Anyway. The big question that's been rattling around for me since earning tenure is whether I should link the blog to my professional identity - whether I should, like, for example, Tenured Radical or Historiann, blog under a pseudonym but yet make it clear who I actually am as I write this blog. This has been something I've thought about a lot pre-tenure, but now, well, the moment is here, right? I toyed with the idea of posting my name at the moment of achieving tenure; I toyed with the idea of changing around my identifying information so that with just a few clicks people would end up at my professional identity. The thing is, I am pretty invested in "Dr. Crazy" as an identity, now, and I can't imagine totally abandoning it to write a blog under my real name. Part of what has made this space special for me is that it's not a professional document. "Dr. Crazy" makes that possible in a lot of ways. On the other hand, I think it's sort of bullshit that I don't feel comfortable writing in the way that I write here under my actual name. And you know, I still don't feel comfortable with that, even though I've got tenure. People would still judge me for the length of the posts here ("she must spend all of her time on her blog and not on The Life of the Mind!") or they'd judge the posts here not on their content but on my cv ("Crazy's article on x is so stupid, or she only works at y institution so her ideas don't matter, or who the hell does she think she is?"). The fact of the matter is, "Dr. Crazy" has a fuck of a lot more authority on her own than she would if my real life name and institutional affiliation were explicitly attached. This in spite of the haters who think that people with pseudonyms can't be trusted. Though, of course, this may reveal more about my own fears about my status in the profession than anything else.

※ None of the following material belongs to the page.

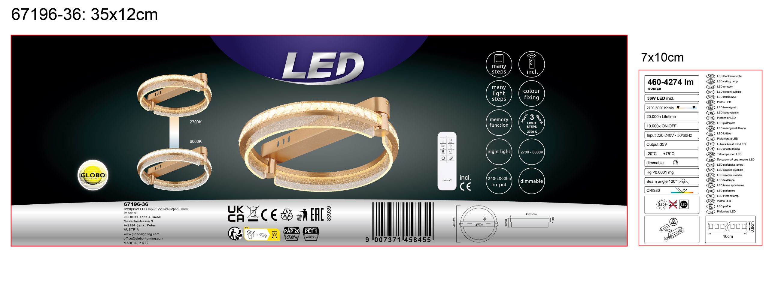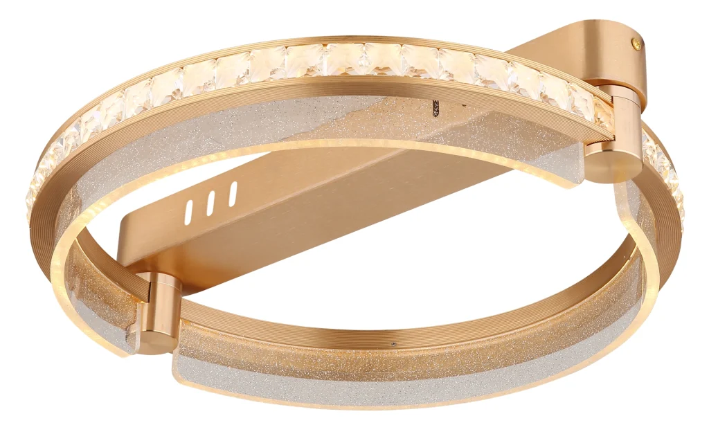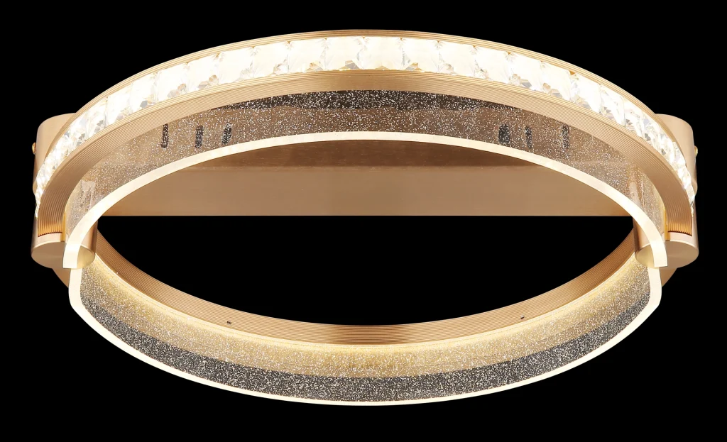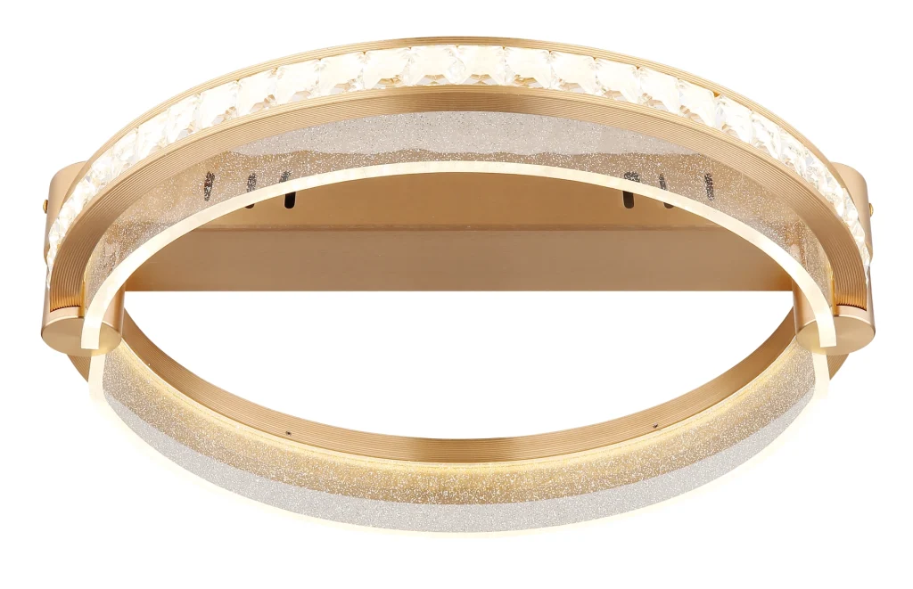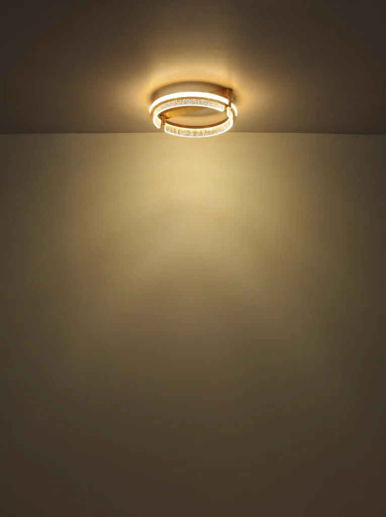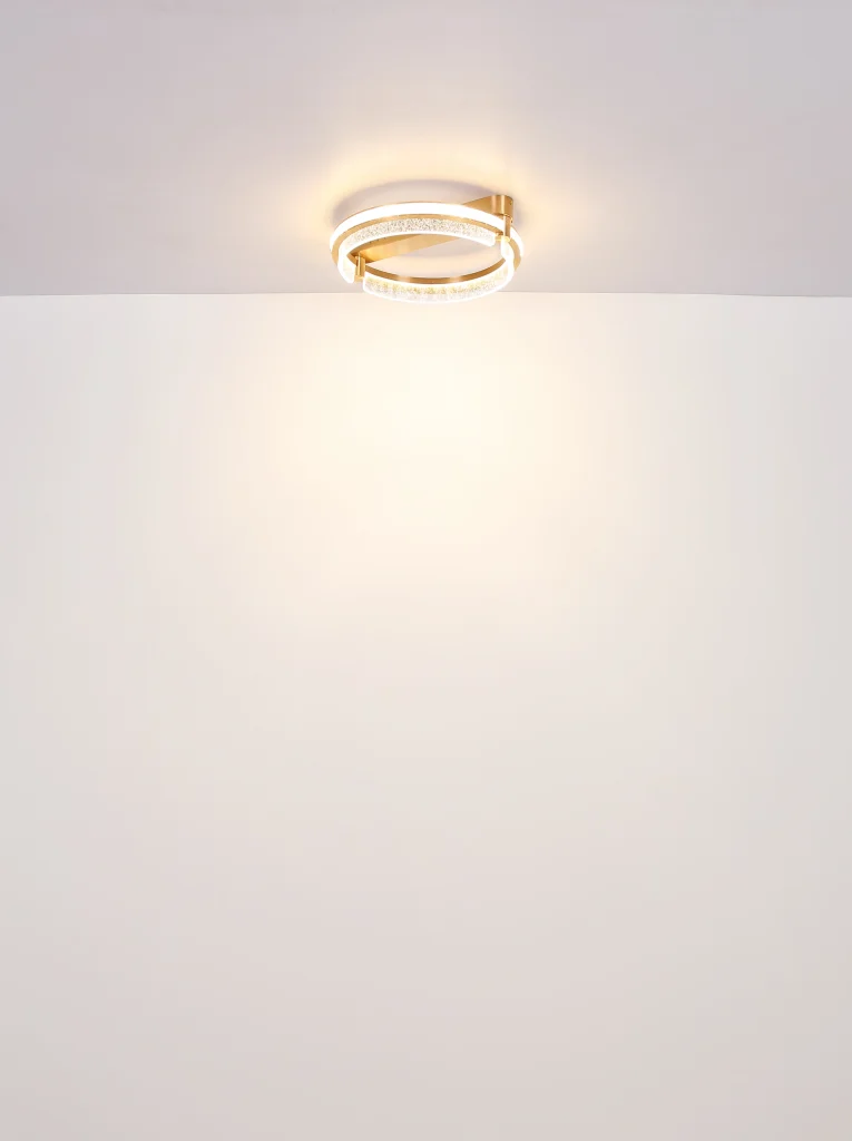 Okrugla plafonska lampa BLONDI u obliku prstena je apsolutni magični detalj u svakoj prostoriji. Svojim plemenitim dizajnom i visokokvalitetnim materijalima, dodaće dašak luksuza i elegancije vašem domu. Telo plafonske lampe je napravljeno od zlatnog aluminijuma, koji je brušen i samim tim ima suptilni sjaj. Abažur je napravljen od providnih K5 kristala i providnog akrila, koji pruža impresivno prelamanje svetlosti. Pomoću priloženog daljinskog upravljača možete praktično kontrolisati svetlo. Može se prigušiti, tako da možete pojedinačno podešavati osvetljenost. Pored toga, možete podesiti svoju omiljenu boju, a integrisana funkcija memorije čuva vaša podešavanja. Plafonska lampa BLONDI ima prečnik od 400 mm i svetlosni snaga od 2000 lumena. Sa CCT od 2700K do 6000K, pruža vam raznovrsno podesivo osvetljenje. Sa plafonskom lampom BLONDI, možete se osloniti na jedinstven dizajn i visokokvalitetnu izradu. Uronite svoj dom u prijatno, atmosfersko svetlo i uživajte u luksuznoj atmosferi koju ova svetiljka stvara.

So, I guess what I've come to is that this blog works for me and this space works for me - as is. I tell people in my life about it as it comes up; I reveal my identity to people when the situation arises that it's useful to do so. I assume that people know who Dr. Crazy is when I write, and I stand by what I write in this space. I no longer beat myself up for weeks of lame posts (weeks of lame posts just happen periodically if one keeps a blog longer than a few months) and I no longer think I suck if there are times when I don't write regularly (which I totally did early on). I've made a writing space for myself in which I don't feel like I need to please anybody or do anything in any particular way. That is satisfying, especially when so much of my professional life is about dotting i's and crossing t's and following rules and pleasing people.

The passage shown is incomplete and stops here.